* _WHAT TO DO_:
Go to the line containing "ومن هذه الشواهد" in the records below. Repeat it and the lines after it exactly, all the way to the end.

* _MATERIAL SUPPLIED_:
▬▬▬▬▬▬▬▬▬▬
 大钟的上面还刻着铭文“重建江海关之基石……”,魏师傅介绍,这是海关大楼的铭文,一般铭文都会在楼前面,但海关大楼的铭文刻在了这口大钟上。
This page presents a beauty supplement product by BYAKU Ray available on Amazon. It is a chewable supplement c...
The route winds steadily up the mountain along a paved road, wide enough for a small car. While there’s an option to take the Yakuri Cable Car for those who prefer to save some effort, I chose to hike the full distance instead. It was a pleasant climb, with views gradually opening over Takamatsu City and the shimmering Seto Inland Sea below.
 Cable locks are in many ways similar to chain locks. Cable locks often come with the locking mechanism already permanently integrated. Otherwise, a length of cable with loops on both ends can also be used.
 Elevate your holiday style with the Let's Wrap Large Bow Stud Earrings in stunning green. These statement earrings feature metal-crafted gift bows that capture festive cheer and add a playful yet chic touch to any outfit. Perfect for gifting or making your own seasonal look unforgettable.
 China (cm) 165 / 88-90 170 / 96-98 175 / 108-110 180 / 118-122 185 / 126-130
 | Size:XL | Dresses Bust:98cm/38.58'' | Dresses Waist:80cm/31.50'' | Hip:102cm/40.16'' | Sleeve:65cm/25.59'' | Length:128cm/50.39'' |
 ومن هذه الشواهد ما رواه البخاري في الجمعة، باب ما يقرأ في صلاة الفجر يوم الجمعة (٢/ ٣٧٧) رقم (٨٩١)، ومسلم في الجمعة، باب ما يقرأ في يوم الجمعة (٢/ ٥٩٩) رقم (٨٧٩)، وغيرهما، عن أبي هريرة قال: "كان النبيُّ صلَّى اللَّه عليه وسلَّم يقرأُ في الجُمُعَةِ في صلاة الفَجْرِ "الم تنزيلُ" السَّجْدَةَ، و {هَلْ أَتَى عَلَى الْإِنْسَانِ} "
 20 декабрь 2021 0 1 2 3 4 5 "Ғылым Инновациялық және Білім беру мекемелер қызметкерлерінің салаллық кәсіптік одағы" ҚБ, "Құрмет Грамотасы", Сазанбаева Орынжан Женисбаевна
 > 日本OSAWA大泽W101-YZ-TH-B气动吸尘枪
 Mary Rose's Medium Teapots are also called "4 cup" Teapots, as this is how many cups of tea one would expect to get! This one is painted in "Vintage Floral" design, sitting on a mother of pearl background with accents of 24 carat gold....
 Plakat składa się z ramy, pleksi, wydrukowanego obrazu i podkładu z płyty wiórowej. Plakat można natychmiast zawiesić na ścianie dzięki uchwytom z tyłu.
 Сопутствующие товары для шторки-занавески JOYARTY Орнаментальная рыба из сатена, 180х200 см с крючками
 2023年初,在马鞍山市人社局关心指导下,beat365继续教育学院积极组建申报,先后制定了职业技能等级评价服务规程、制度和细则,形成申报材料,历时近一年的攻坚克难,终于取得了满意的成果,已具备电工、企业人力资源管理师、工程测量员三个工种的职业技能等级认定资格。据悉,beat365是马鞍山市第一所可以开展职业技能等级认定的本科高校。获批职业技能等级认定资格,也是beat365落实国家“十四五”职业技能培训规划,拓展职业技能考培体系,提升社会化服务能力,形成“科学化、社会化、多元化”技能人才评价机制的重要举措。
▬▬▬▬▬▬▬▬▬▬
* _RESULT OF THIS EXERCISE_:
 ومن هذه الشواهد ما رواه البخاري في الجمعة، باب ما يقرأ في صلاة الفجر يوم الجمعة (٢/ ٣٧٧) رقم (٨٩١)، ومسلم في الجمعة، باب ما يقرأ في يوم الجمعة (٢/ ٥٩٩) رقم (٨٧٩)، وغيرهما، عن أبي هريرة قال: "كان النبيُّ صلَّى اللَّه عليه وسلَّم يقرأُ في الجُمُعَةِ في صلاة الفَجْرِ "الم تنزيلُ" السَّجْدَةَ، و {هَلْ أَتَى عَلَى الْإِنْسَانِ} "
 20 декабрь 2021 0 1 2 3 4 5 "Ғылым Инновациялық және Білім беру мекемелер қызметкерлерінің салаллық кәсіптік одағы" ҚБ, "Құрмет Грамотасы", Сазанбаева Орынжан Женисбаевна
 > 日本OSAWA大泽W101-YZ-TH-B气动吸尘枪
 Mary Rose's Medium Teapots are also called "4 cup" Teapots, as this is how many cups of tea one would expect to get! This one is painted in "Vintage Floral" design, sitting on a mother of pearl background with accents of 24 carat gold....
 Plakat składa się z ramy, pleksi, wydrukowanego obrazu i podkładu z płyty wiórowej. Plakat można natychmiast zawiesić na ścianie dzięki uchwytom z tyłu.
 Сопутствующие товары для шторки-занавески JOYARTY Орнаментальная рыба из сатена, 180х200 см с крючками
 2023年初,在马鞍山市人社局关心指导下,beat365继续教育学院积极组建申报,先后制定了职业技能等级评价服务规程、制度和细则,形成申报材料,历时近一年的攻坚克难,终于取得了满意的成果,已具备电工、企业人力资源管理师、工程测量员三个工种的职业技能等级认定资格。据悉,beat365是马鞍山市第一所可以开展职业技能等级认定的本科高校。获批职业技能等级认定资格,也是beat365落实国家“十四五”职业技能培训规划,拓展职业技能考培体系,提升社会化服务能力,形成“科学化、社会化、多元化”技能人才评价机制的重要举措。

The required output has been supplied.